**Dataset section:**
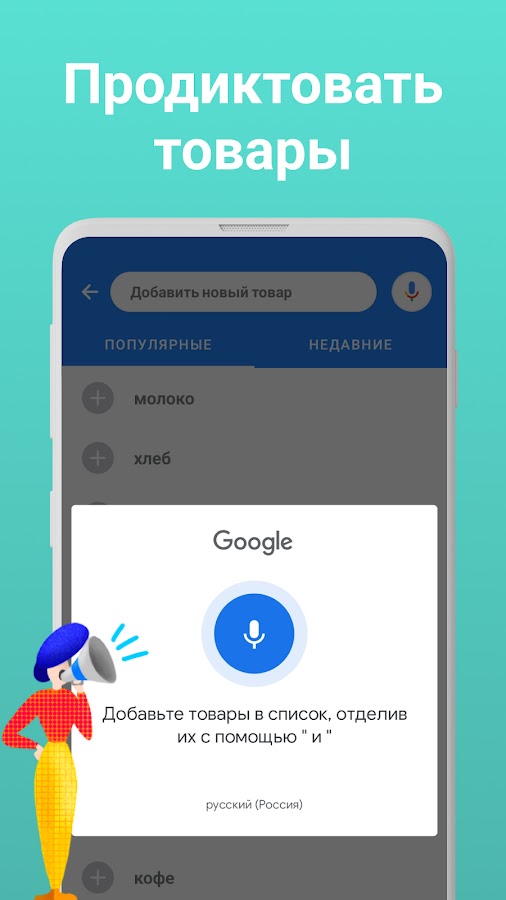 Голосовой ввод — Это самый быстрый способ создать список покупок. Listonic распознает Вашу речь, и Вы можете надиктовать весь список за один раз.
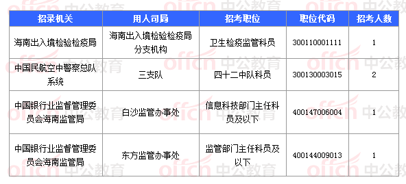 截止到8日16時,工作地點在海南的職位共有4個無人報考,占全部職位的2.44%。下面是無人報考職位一覽表,中公網(wǎng)校專家建議廣大考生多關(guān)注一些較冷職位,避免激烈競爭,結(jié)合自身條件,找到屬于自己的職位。
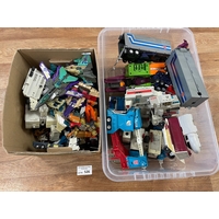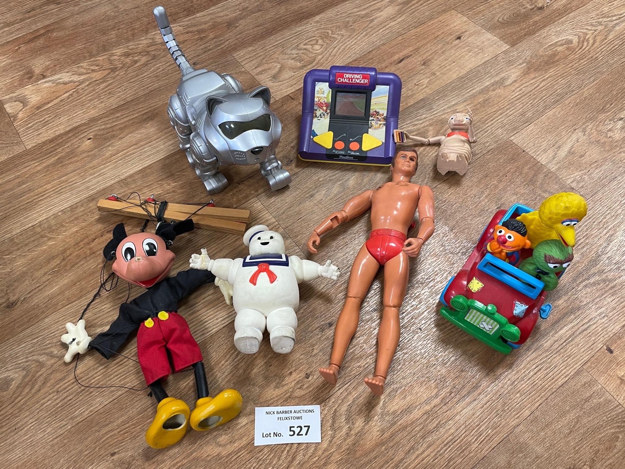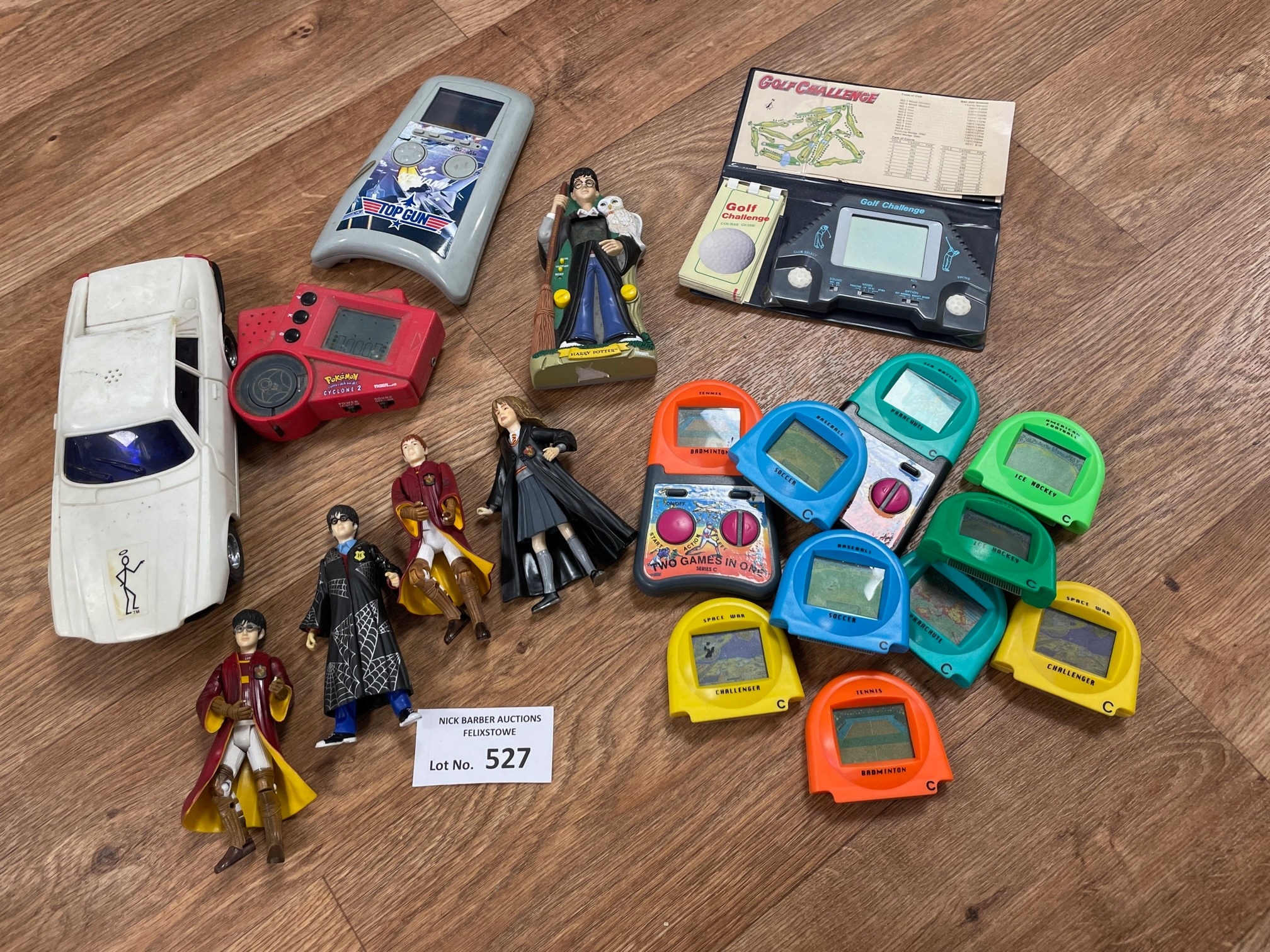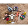 Collectables: Assortment of vintage toys, including General Mills Six Million Dollar Man, Corgi, Harry Potter, Tinplate, and others; generally Fair, many pieces requiring cleaning/repairs; items not checked for completeness; (qty).

**Problem to work on:** Starting with the opening line of the listing, write out each line exactly until the line that contains "截止到8日16時,工作地點在" has been included; skip the pictures.

**Task answer:**
 Голосовой ввод — Это самый быстрый способ создать список покупок. Listonic распознает Вашу речь, и Вы можете надиктовать весь список за один раз.
 截止到8日16時,工作地點在海南的職位共有4個無人報考,占全部職位的2.44%。下面是無人報考職位一覽表,中公網(wǎng)校專家建議廣大考生多關(guān)注一些較冷職位,避免激烈競爭,結(jié)合自身條件,找到屬于自己的職位。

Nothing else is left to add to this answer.